>>

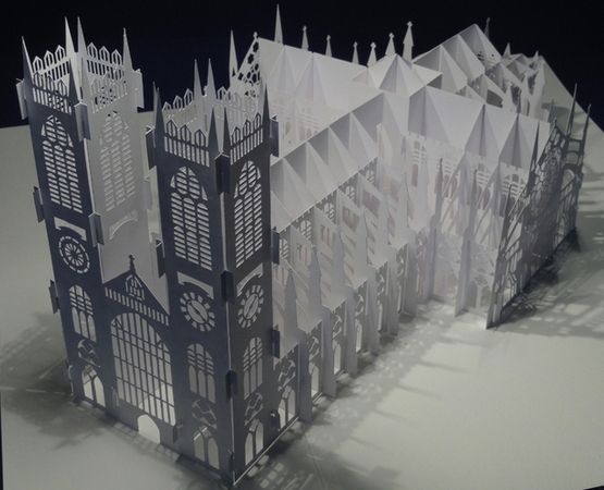 В технике киригами можно выполнять такие работы, как, например, ажурные открытки-раскладушки (на английском - pop-up), а так же всяческие объемные бумажные сооружения.
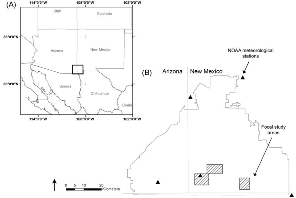 (A) Location of 324,000 ha Malpais Borderland study area in southwestern USA. (B) Meteorological stations within 2 km of the study site and three focal areas for which ecological states were mapped (hatched polygons) are presented in Panel (B).
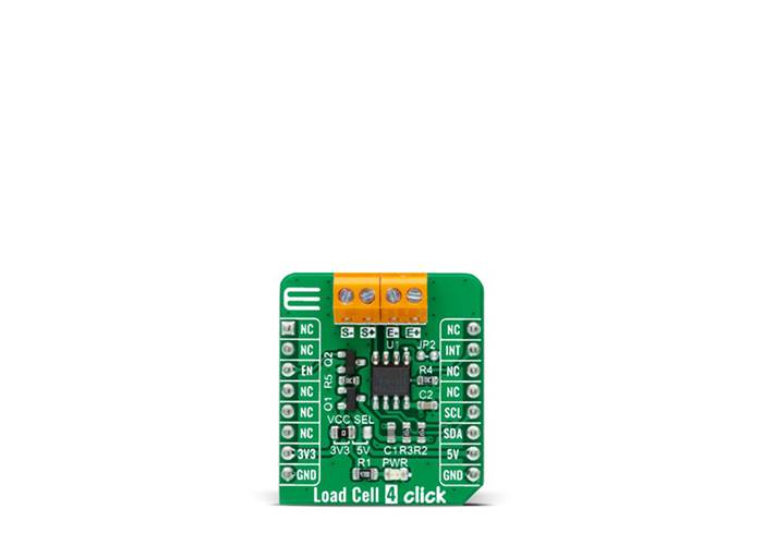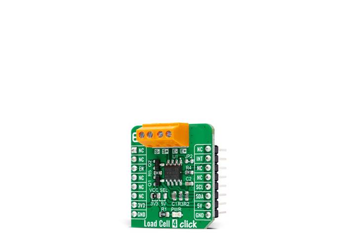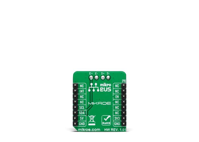 Load Cell 4 Click is a compact add-on board that contains a resistive sensor signal conditioner with a fast power-up data output response.
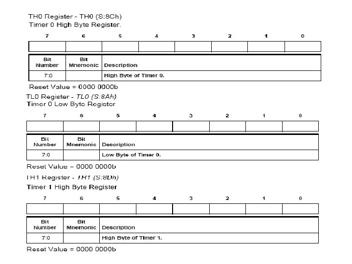 Timer/Counters • The 8051 has two 16 -bit Timer/Counter registers – Timer 0 – Timer 1 • Both can work either as timers or event counters • Both have four different operating modes from which to select. – – Mode 0 (13 -bit Timer) Mode 1 (16 -bit Timer) Mode 2 (8 -bit Timer with Auto-Reload) Mode 3 (Two 8 -bit Timers)
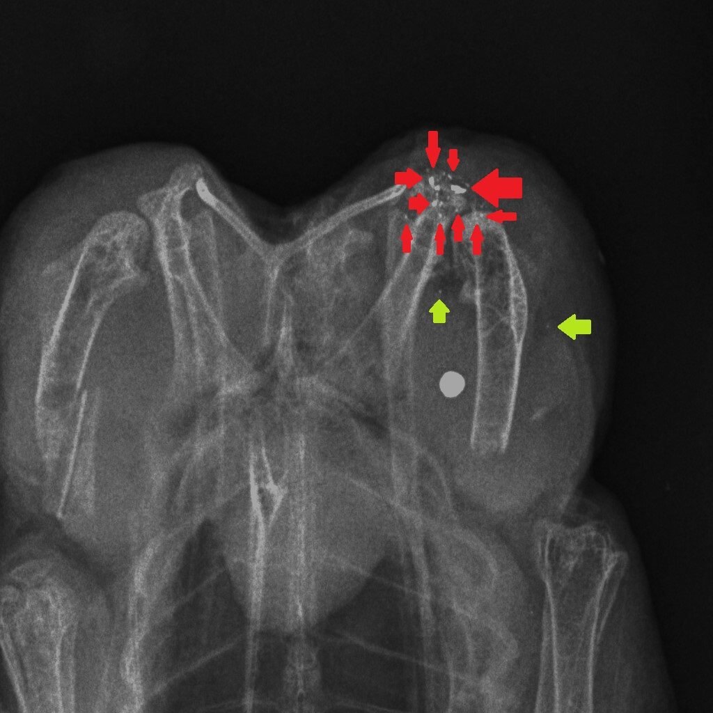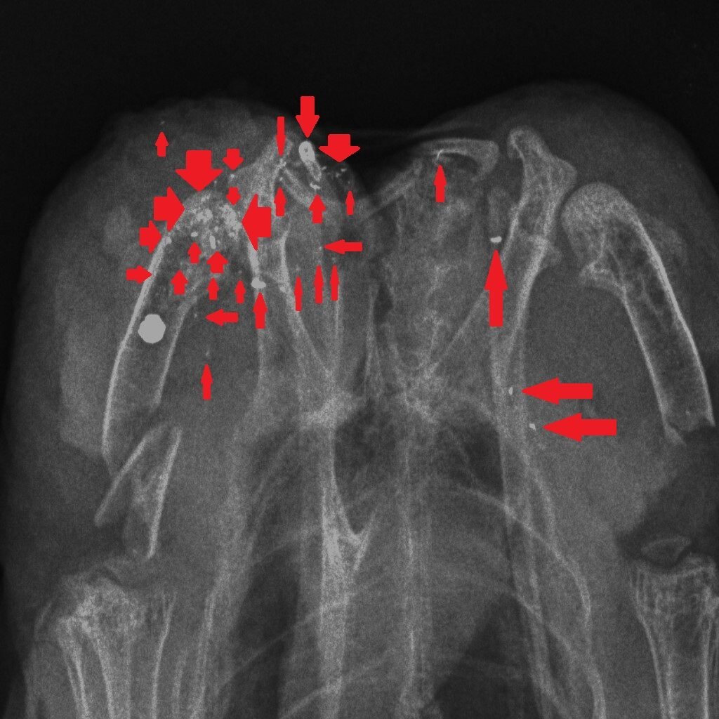 How could we reduce the risk of exposure to lead in game meat? It’s simple – stop shooting lead ammunition into animals that are destined for the human food chain. One of the useful properties of lead is that it is soft and malleable – that’s why, in the past, we have used it widely. But those same physical properties mean that lead passing through the flesh of a shot animal, hitting organs, soft tissue, bones and cartilage, shatters and tiny fragments of lead spread through the body of the animal. Here are three x-rays of shot birds that were bought in butcher’s shops and then x-rayed. The top x-ray is of a partridge and the other two are Red Grouse. Large white circular objects are lead shot. The green arrows point to fragments of bone and the red arrows indicate fragments of lead, from the shot, that have spread through the flesh.

<<

**Your task**: Give back, exactly as written, the lines from the top of the material above to the line containing "Timer/Counters • The", both included; skip every picture.

**Output for this exercise**:
 В технике киригами можно выполнять такие работы, как, например, ажурные открытки-раскладушки (на английском - pop-up), а так же всяческие объемные бумажные сооружения.
 (A) Location of 324,000 ha Malpais Borderland study area in southwestern USA. (B) Meteorological stations within 2 km of the study site and three focal areas for which ecological states were mapped (hatched polygons) are presented in Panel (B).
 Load Cell 4 Click is a compact add-on board that contains a resistive sensor signal conditioner with a fast power-up data output response.
 Timer/Counters • The 8051 has two 16 -bit Timer/Counter registers – Timer 0 – Timer 1 • Both can work either as timers or event counters • Both have four different operating modes from which to select. – – Mode 0 (13 -bit Timer) Mode 1 (16 -bit Timer) Mode 2 (8 -bit Timer with Auto-Reload) Mode 3 (Two 8 -bit Timers)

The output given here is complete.